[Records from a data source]
====

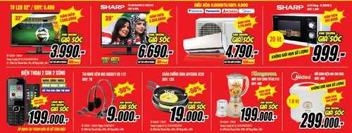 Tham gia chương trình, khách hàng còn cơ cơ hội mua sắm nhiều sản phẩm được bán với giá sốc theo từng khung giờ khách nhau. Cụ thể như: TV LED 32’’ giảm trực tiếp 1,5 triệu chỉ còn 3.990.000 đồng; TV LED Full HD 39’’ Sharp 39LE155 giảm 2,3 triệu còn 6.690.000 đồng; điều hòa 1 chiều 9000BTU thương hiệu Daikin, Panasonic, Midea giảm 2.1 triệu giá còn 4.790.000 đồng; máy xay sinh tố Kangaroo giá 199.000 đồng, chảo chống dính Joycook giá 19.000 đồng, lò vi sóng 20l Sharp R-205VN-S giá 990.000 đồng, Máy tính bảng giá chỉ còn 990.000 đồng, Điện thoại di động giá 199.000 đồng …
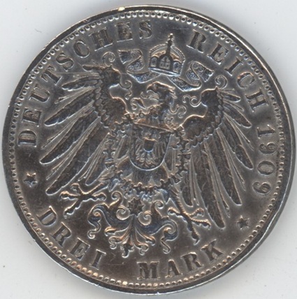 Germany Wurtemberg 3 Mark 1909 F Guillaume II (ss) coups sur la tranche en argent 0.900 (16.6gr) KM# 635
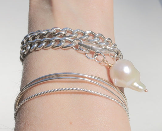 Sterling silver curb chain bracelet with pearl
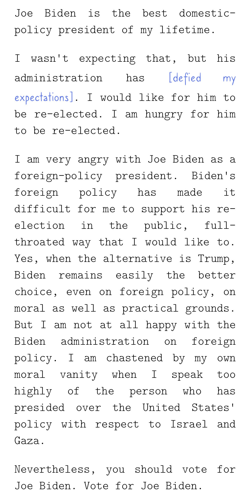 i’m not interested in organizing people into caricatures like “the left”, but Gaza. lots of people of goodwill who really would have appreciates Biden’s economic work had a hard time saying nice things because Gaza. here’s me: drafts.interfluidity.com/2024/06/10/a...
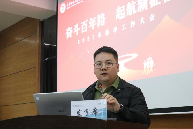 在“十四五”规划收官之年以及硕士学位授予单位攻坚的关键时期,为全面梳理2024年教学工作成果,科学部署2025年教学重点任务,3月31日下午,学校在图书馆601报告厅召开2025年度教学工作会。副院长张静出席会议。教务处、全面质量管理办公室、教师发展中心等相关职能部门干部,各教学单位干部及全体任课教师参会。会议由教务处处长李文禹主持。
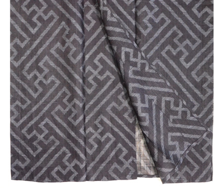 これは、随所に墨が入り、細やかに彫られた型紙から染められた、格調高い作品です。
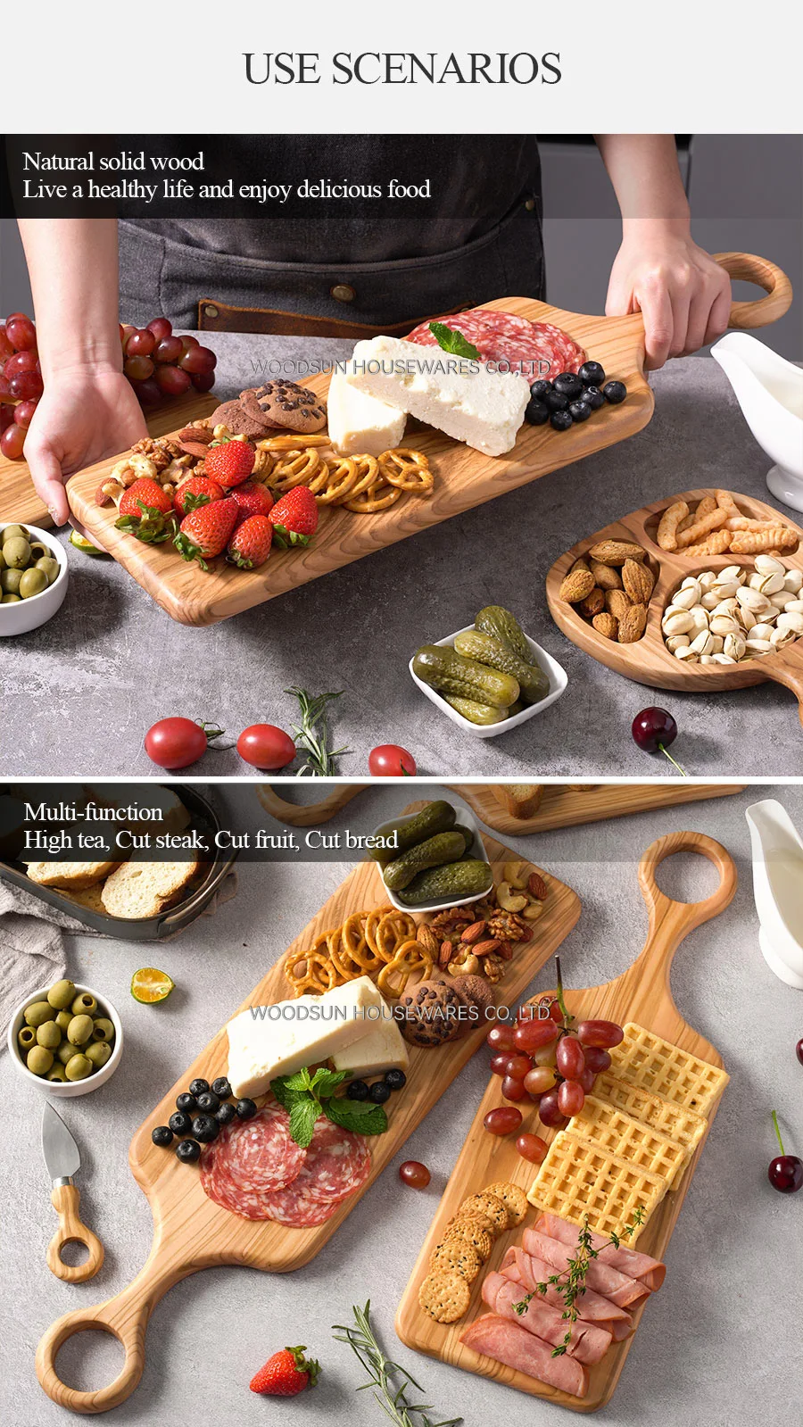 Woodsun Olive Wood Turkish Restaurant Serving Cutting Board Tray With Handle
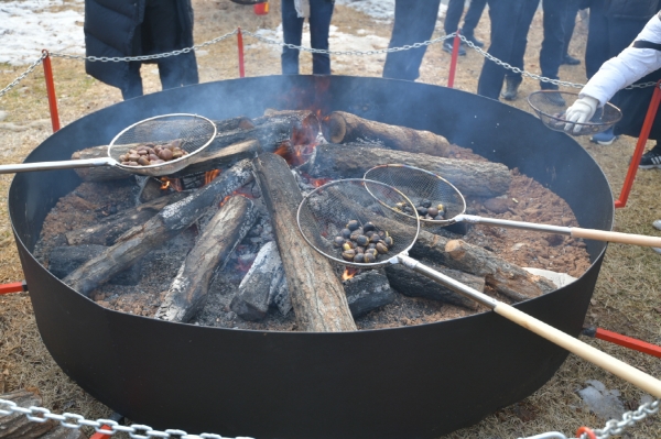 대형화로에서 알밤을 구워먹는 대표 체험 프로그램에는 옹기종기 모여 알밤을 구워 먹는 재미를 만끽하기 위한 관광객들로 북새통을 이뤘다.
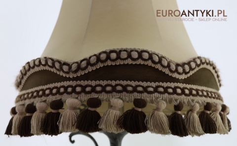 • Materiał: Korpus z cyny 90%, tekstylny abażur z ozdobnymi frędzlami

====

What the task requires =
Exactly as written above, retype the lines starting at the one holding "Sterling silver curb" and ending at the one holding "i’m not interested", both included, but not the pictures.

Written answer =
 Sterling silver curb chain bracelet with pearl
 i’m not interested in organizing people into caricatures like “the left”, but Gaza. lots of people of goodwill who really would have appreciates Biden’s economic work had a hard time saying nice things because Gaza. here’s me: drafts.interfluidity.com/2024/06/10/a...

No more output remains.